しかも まえのほうには じてんしゃが わがものがおで はしっています。

こんなみちを あんないするなんて、ナビはいったい なにをかんがえているのでしょうか。たよりにしていた ナビのことも しんじられなくなり、わかばちゃんは ほんとうに なきだしてしまいました。

「やっぱり わたしみたいなひとが くるまをうんてんしようだなんて かんがえちゃいけなかったんだ」

けれども ないていても はじまりません。すぐにでも バックでみちをでたい きもちをこらえ、

「すこしでもはやく このみちをでよう」

と、ひとりごとをいって ブレーキから あしをはなしました。きょうは とりにくのグラタンと なまハムサラダのばんごはんを つくらないと いけないのです。

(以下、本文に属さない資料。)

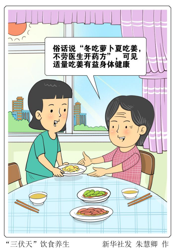“想要祛湿,可以将红豆、薏米、芡实、茯苓、赤小豆、大麦等煮水饮用。薏米、芡实、茯苓有利湿的功效,红豆可以理气,大麦有健脾利尿、清热解暑、平胃止渴等功效。”历飞表示,“三伏天”养生也适合吃姜,驱寒扶阳。“俗话说‘冬吃萝卜夏吃姜,不劳医生开药方’,可见适量吃姜有益身体健康。”
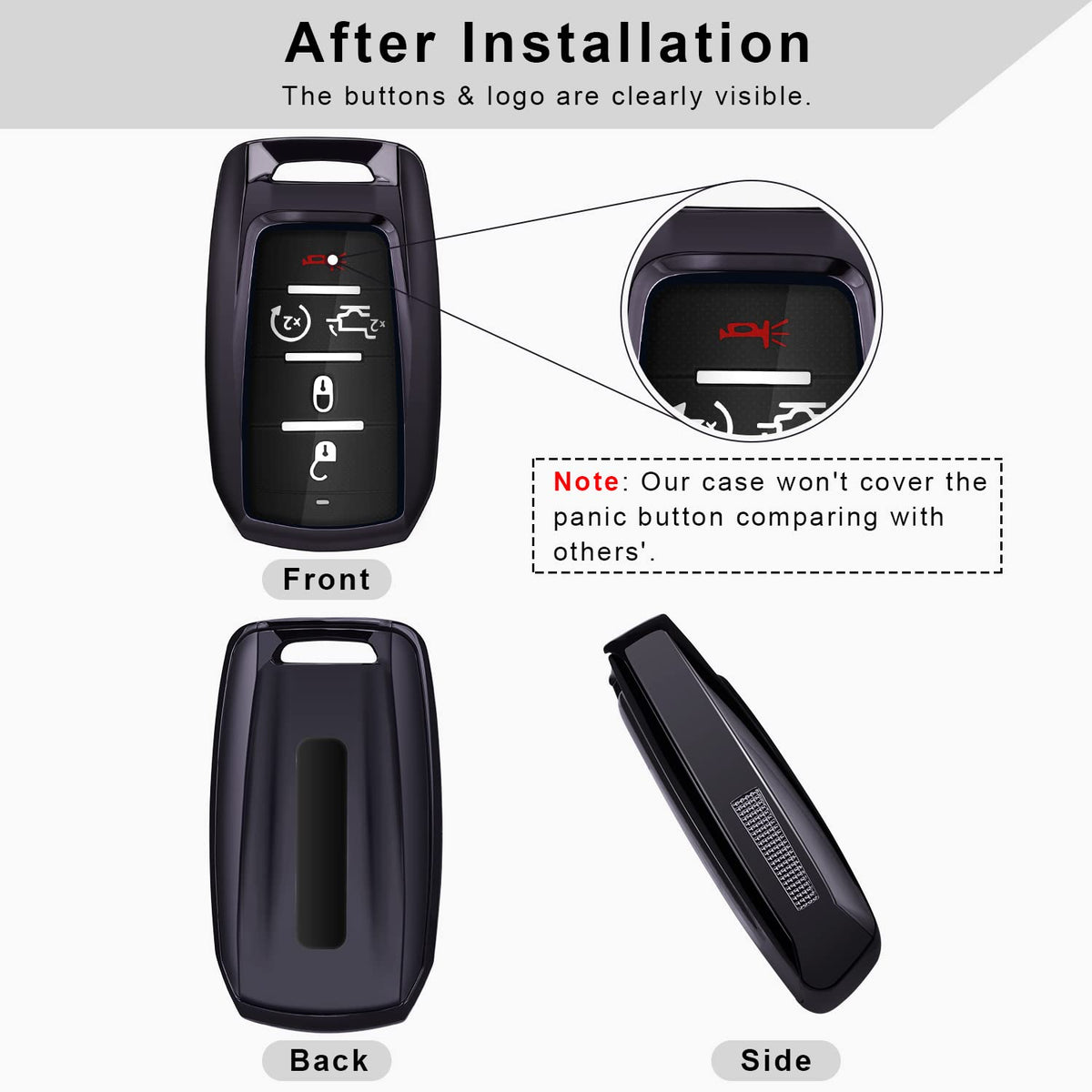 【Custom Fit for Ram Key Fob Accessory】The for Ram key cover is designed for 2019 2020 2021 2022 Dodge Ram 1500 2500 3500 4500 5500 3/4/5/6 Buttons smart remote. Fits perfectly like a glove. Pls note key fob is NOT included. | 【Durable Materials】The for Ram key fob case is made of premium soft TPU, which is healthy, smooth, comfortable and in lightweight, does not add much bulk or size to the fob. The chrome finish with strong color fastness (3 layer plating) will keep your key look new and cool. | 【Personalized Design】The compatible with Ram keychain is designed in 5 different fashion high gloss colors. The brightness makes your key out of the ordinary. Enable you to find and distinguish your fob easily. Pls note our case won't cover the panic button comparing with others'. | 【360° Protection】The for Ram key protector will offer all-around effective protection to your key from shock, collision, scratches and other damages without affecting the signal transmission. And the button cover will prevent you from accidentally opening the key. | 【Easy Installation】The compatible with Ram key holder is easy to install and fix with the keychain. The package include 1*case, 1*keychain, 1*screwdriver. It is a wise investment for your expensive key remote.

じてんしゃを おいこすのは こわかったけれど、わかばちゃんは これまでになく しゅうちゅうして うんてんしました。

けれども、まっくろなアルファードが まえからやってきたのは そのときでした。

「そんなくるまで、こんなみちを とおらないでほしい」

そうはいっても はじまりません。できるかぎりひだりに くるまをよせ、あとはアルファードにまかせようとおもった そのしゅんかん。

ガガガッ!というおとがして、わかばちゃんはとびあがりました。みると でんちゅうに ミラーがあたって しまっています。そのときの わかばちゃんのあたまにうかんだのは、おかあさんの おこったかおでした。

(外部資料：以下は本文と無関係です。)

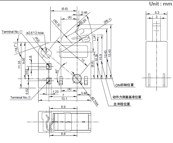 13.1x11.35x5.3mm 帶套筒連接器端子的雙向動作型 用接頭連接,無需焊接。
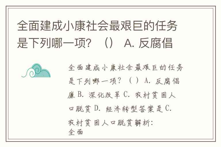 全面建成小康社会最艰巨的任务是下列哪一项?() A. 反腐倡廉 B. 深化改革 C. 农村贫困人口脱贫 D. 经济转型
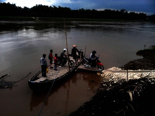 Saat perahu siap, motor jangan dihentakkan macam di Lamer loh ya.hehehehe,,, slow aja. Pelan-pelan. Jalan dengan hati-hati kaki di kanan kiri untuk menjaga keseimbangan, pas roda depan telah berpijak di samping perahu, cepatlah maju kedepan tapi jangan terlalu agresif. Siapkan rem depan, saat separuh badan naik injak rem depan lalu gas pelan-pelan hingga sempurna. Kaki tetap berpijak loh ya….. Jangan ceroboh,kang. Soalnya di depan anda setelah perahu adalah sungai yang kadang dalam loh.
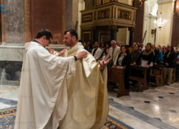 Ogni volta che pongo la domanda <<sei certo che ne sia degno?>> mi sento piccolo. Questo breve dialogo ci consente di entrare nel rito del sacramento che celebriamo con immensa dignità. Caro Pasquale, questa sera ti presenti così come sei, con la tua storia, agli amici, ai presbiteri. Ti stai impegnando a cogliere il rapporto profondo con i tuoi docenti e con la grande famiglia che è la Chiesa, alla scoperta di quel dono che Dio fa a noi. Il tuo impegno diventa la risposta che dai al Signore avendoti egli toccato profondamente il cuore. Incontrerai nel tuo percorso tanti uomini e donne, donati loro fine alla fine, ricordandoti sempre che il suo operato passa ai margini. Ti viene data la possibilità di collaborare all’opera di Dio: fallo ogni giorno anche quando ti costerà qualche lacrima. Non dimenticare mai che siamo i discepoli del crocifisso risorto. Sia la tua vita un dono perché questa beatitudine cresca li dove il Signore ti spingerà ad offrire il servizio del tuo ministero” – le parole di Mons. Alfano nel corso dell’omelia.

「おかあさん、おこるだろうなあ。しゅうりだい はらえって いうにちがいない」

アルファードは いってくれましたが、わかばちゃんは がっくりとして いえまでのみちを とろとろとすすみました。うしろのくるまが おこっているような きがしましたが、それよりも おかあさんの おこったかおのほうが こわかったのです。

なんとか いえのまえまできて、にもつを おろしました。かったときは あんなにうれしかったたべものが、いまはちっとも うれしくおもえません。

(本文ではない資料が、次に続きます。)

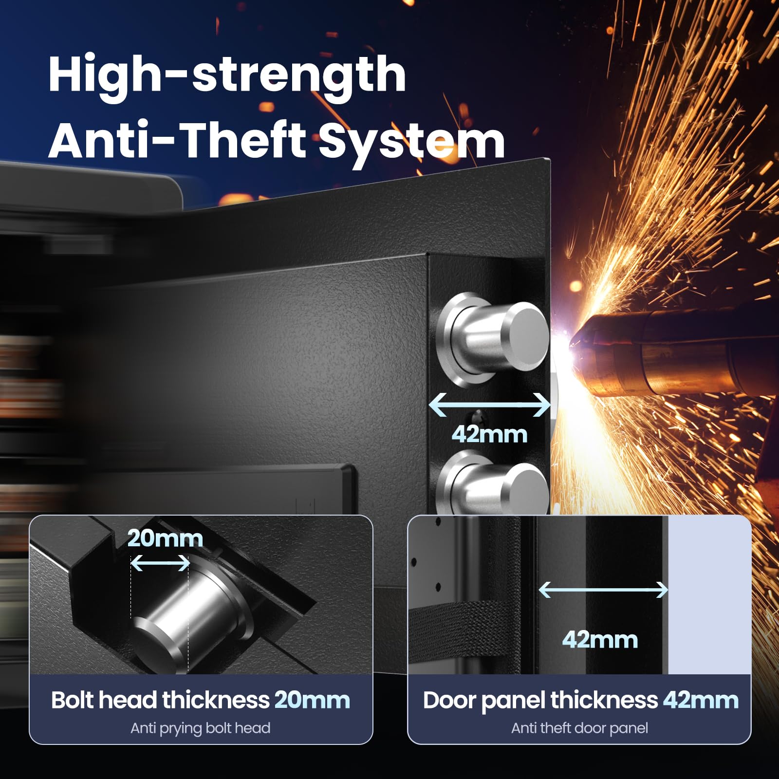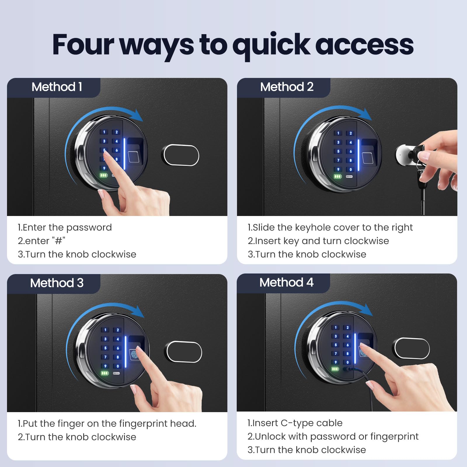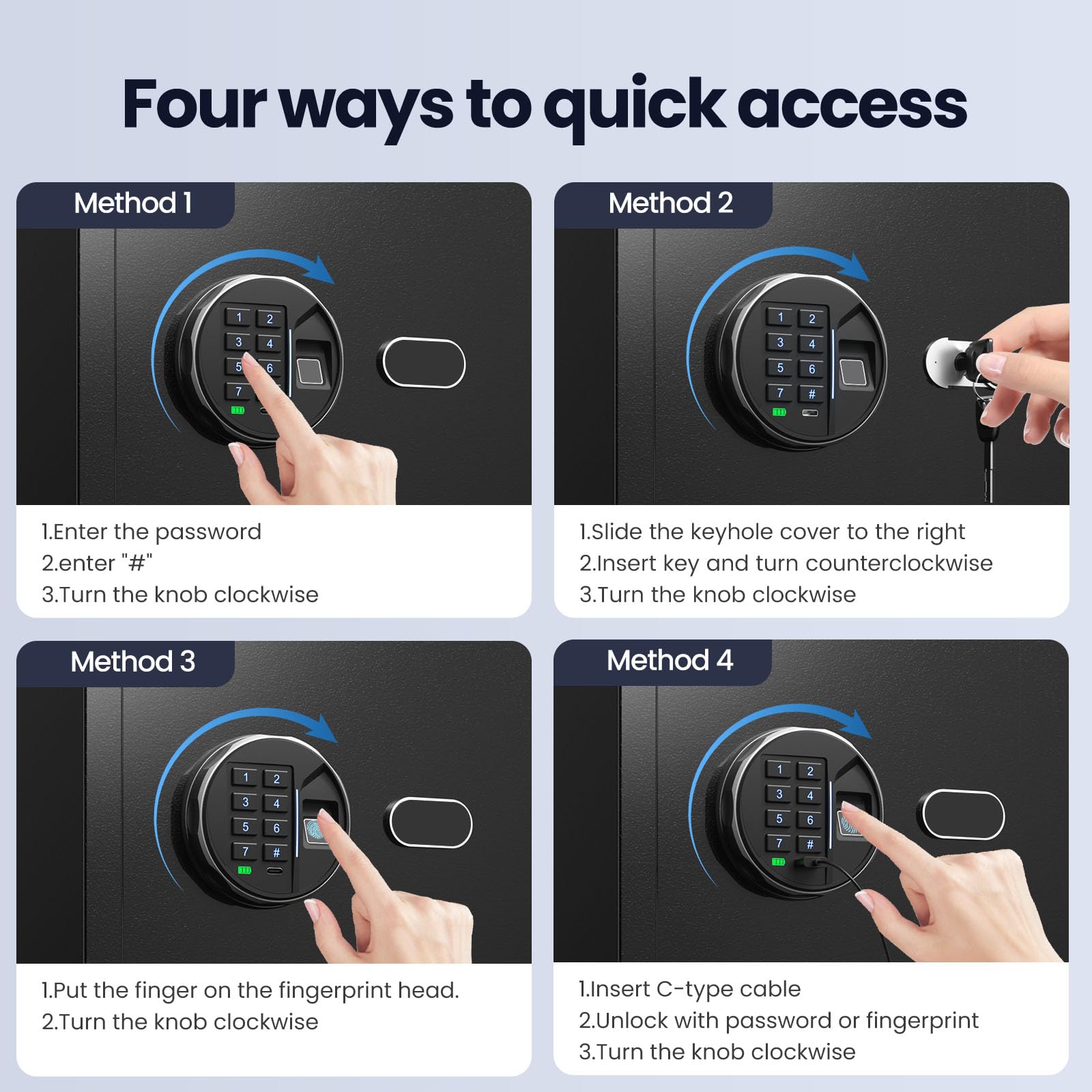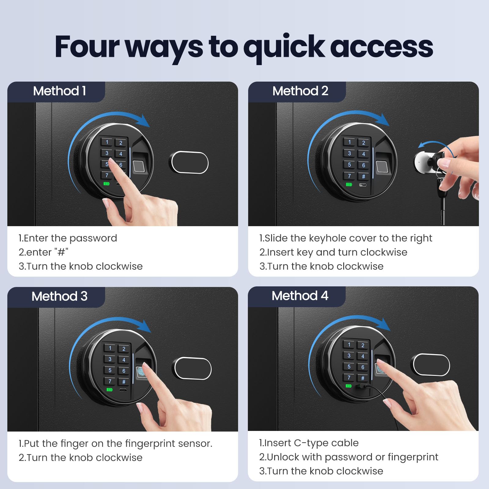- Metal Turntable & Rugged: The finger print safe has improved the knobs with upgraded metal ones to enhance the quality of the fingerprint safe, and the usual heavy door and thick walls make the safe very difficult to steal and long-lasting

いえにはいると、おかあさんは コーヒーをのんでいました。

「おかあさん、あのね、わたし、でんちゅうに ミラー、こすっちゃったの」

わかばちゃんは、ふるえるこえで いいました。

おかあさんは びっくりしたような かおを しましたが、すぐに こういいました。

「なあんだ、そんなことか。わたしの わかいときなんか、もっといろんなとこ ぶつけてたよ。わかばが ぶじなら いいんだよ」

わかばちゃんは それをきいて あんしんして すわりこんでしまいました。

「よかった。だけどもう、しばらくは ひとりで うんてんしないことにする」

おかあさんは

「きょうのごはんはなに」

とききました。わかばちゃんが

「とりのグラタン」

とこたえると、おかあさんは、うれしくもなさそうに

「グラタンかあ」

といいました。

 


おわり

 

※事実をもとに脚色・再構成を加えています。